WHAT THE TASK REQUIRES =
Exactly the lines starting at the line containing "Pandeglang – Polsek" and ending at the line containing "观察此时电压1.561V,电流24.39mA,功率24.366mW" are to be written out from the listing below, both included.

(SUPPLIED RECORDS begins)

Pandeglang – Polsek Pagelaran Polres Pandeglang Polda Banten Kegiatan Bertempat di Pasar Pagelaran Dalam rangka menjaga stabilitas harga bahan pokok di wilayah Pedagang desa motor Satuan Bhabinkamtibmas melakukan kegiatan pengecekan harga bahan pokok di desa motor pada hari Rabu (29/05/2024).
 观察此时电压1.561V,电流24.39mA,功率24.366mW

(SUPPLIED RECORDS ends)
(SUPPLIED RECORDS begins)

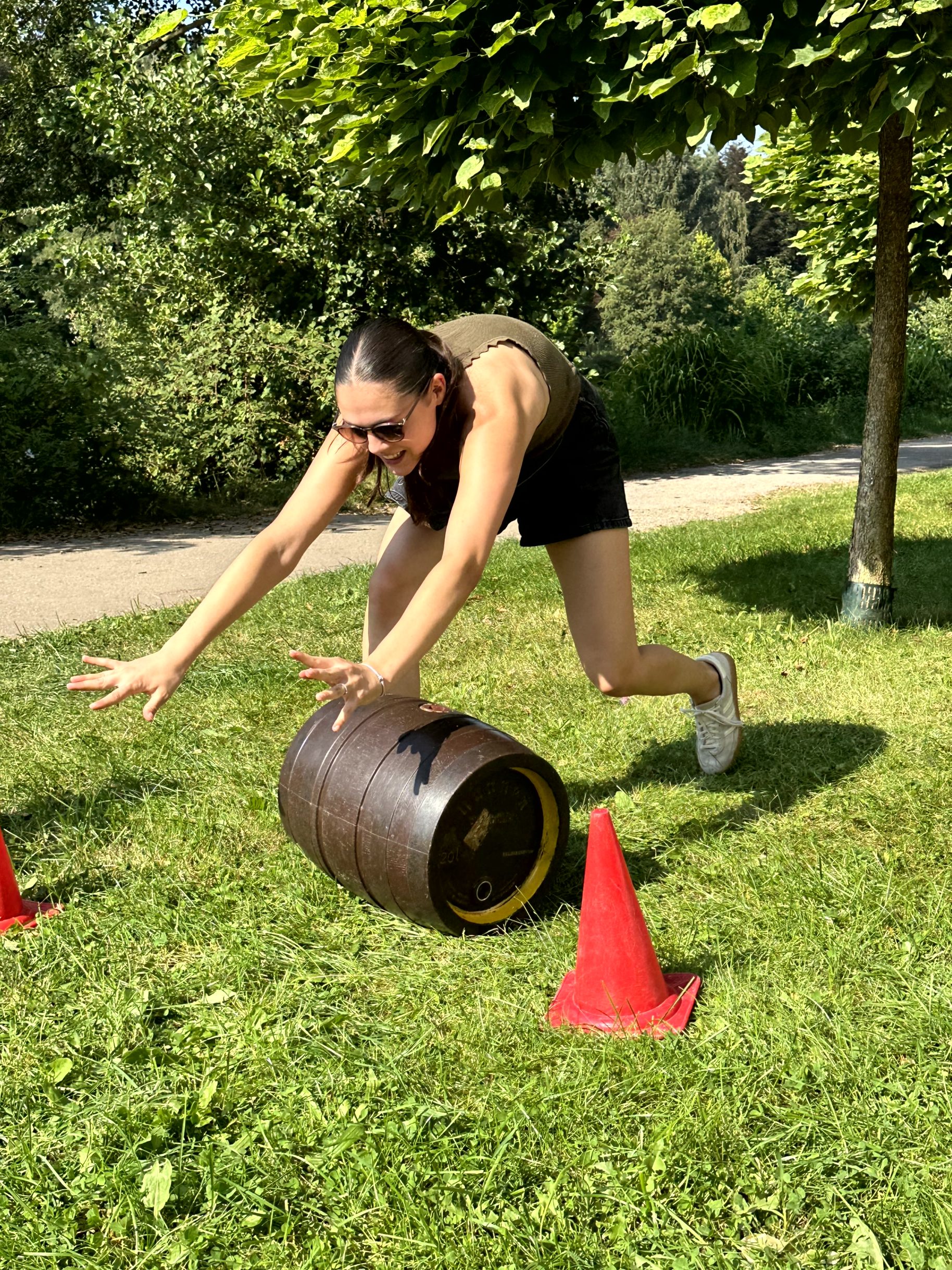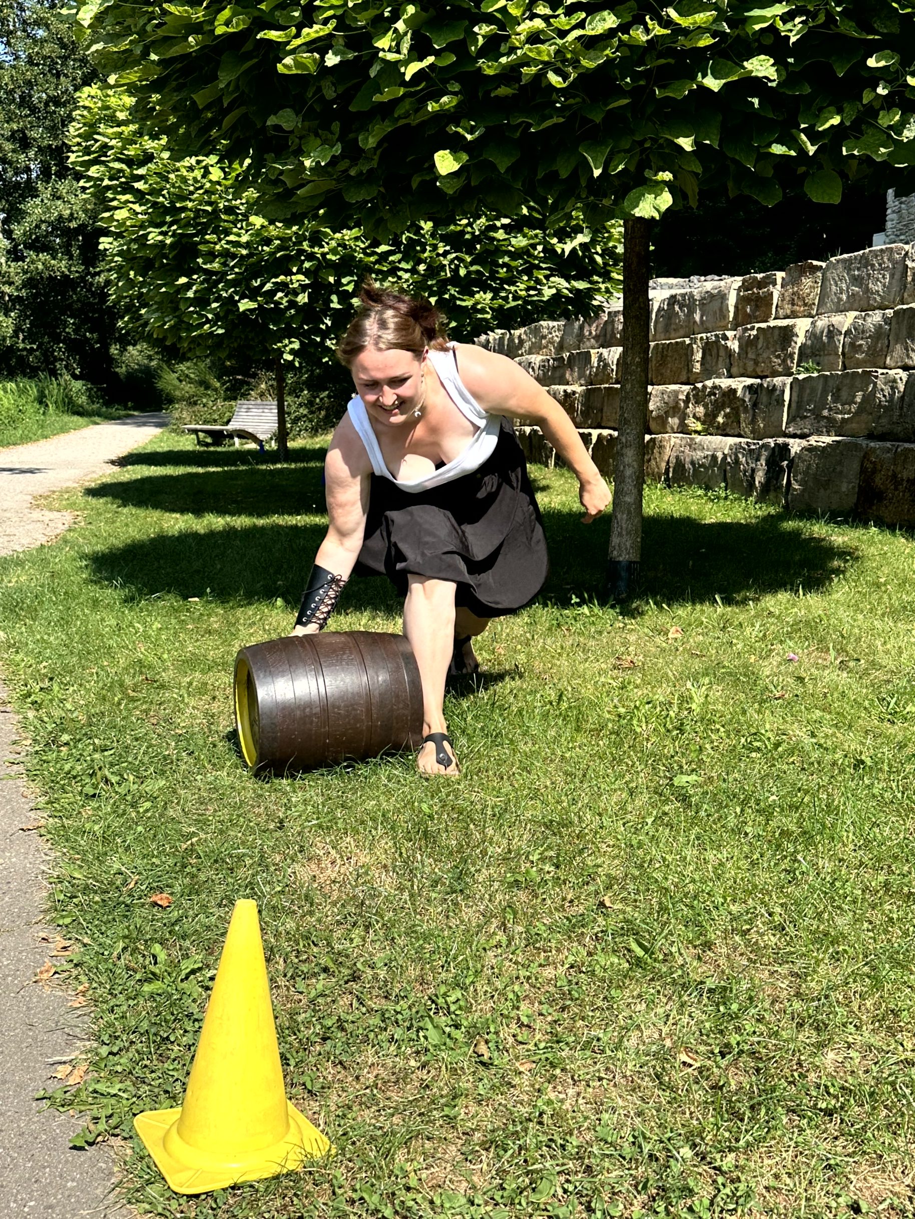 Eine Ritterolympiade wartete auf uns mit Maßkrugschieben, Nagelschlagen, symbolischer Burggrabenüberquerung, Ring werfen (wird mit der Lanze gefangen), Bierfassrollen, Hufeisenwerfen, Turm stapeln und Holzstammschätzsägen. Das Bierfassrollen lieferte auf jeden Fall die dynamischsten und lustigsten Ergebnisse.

(SUPPLIED RECORDS ends)

ANSWER TO THIS EXERCISE =
Pandeglang – Polsek Pagelaran Polres Pandeglang Polda Banten Kegiatan Bertempat di Pasar Pagelaran Dalam rangka menjaga stabilitas harga bahan pokok di wilayah Pedagang desa motor Satuan Bhabinkamtibmas melakukan kegiatan pengecekan harga bahan pokok di desa motor pada hari Rabu (29/05/2024).
 观察此时电压1.561V,电流24.39mA,功率24.366mW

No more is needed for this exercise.